PROBLEM DETAILS: Excluding all pictures, please output the listing exactly.

DATA SECTION:
# # # # #
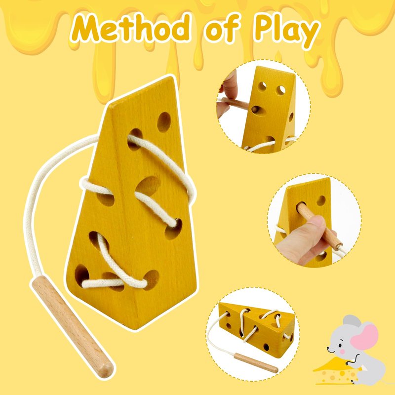 Sealive Early Development Toys Wooden Lacing Toys, Montessori Activity Kids Cheese Toys, Children Learning Educational Wood Block Puzzles Toy for Toddlers Boys Girls (Cheese)
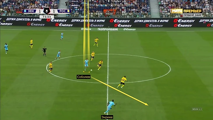 Еще «Зенит» ускорился благодаря выходу Соболева. Если раньше «Ростов» перекусывал Кассьерру, то Александр зацепил вынос Нино в первой фазе атаки перед пенальти – и снова запустил Энрике в прорыв. Как раз Соболев нагрузил штрафную перед фолом на Энрике (назначили пенальти).
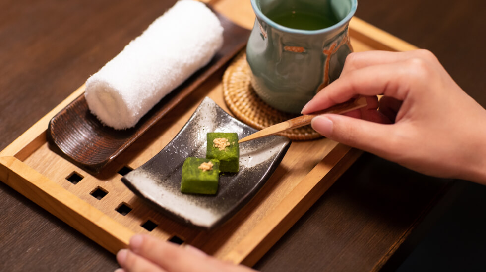緑と花に囲まれた長いアプローチをゆっくり歩いて、天井が高く明るいエントランスに到着。館内の和モダンな雰囲気が、隠れ家の落ち着きと開放感を両立しています。チェックインは、個室でわらび餅と緑茶をいただきながらマイペースに進められると好評です。
# # # # #
RESULT OF THIS TASK:
 Sealive Early Development Toys Wooden Lacing Toys, Montessori Activity Kids Cheese Toys, Children Learning Educational Wood Block Puzzles Toy for Toddlers Boys Girls (Cheese)
 Еще «Зенит» ускорился благодаря выходу Соболева. Если раньше «Ростов» перекусывал Кассьерру, то Александр зацепил вынос Нино в первой фазе атаки перед пенальти – и снова запустил Энрике в прорыв. Как раз Соболев нагрузил штрафную перед фолом на Энрике (назначили пенальти).
緑と花に囲まれた長いアプローチをゆっくり歩いて、天井が高く明るいエントランスに到着。館内の和モダンな雰囲気が、隠れ家の落ち着きと開放感を両立しています。チェックインは、個室でわらび餅と緑茶をいただきながらマイペースに進められると好評です。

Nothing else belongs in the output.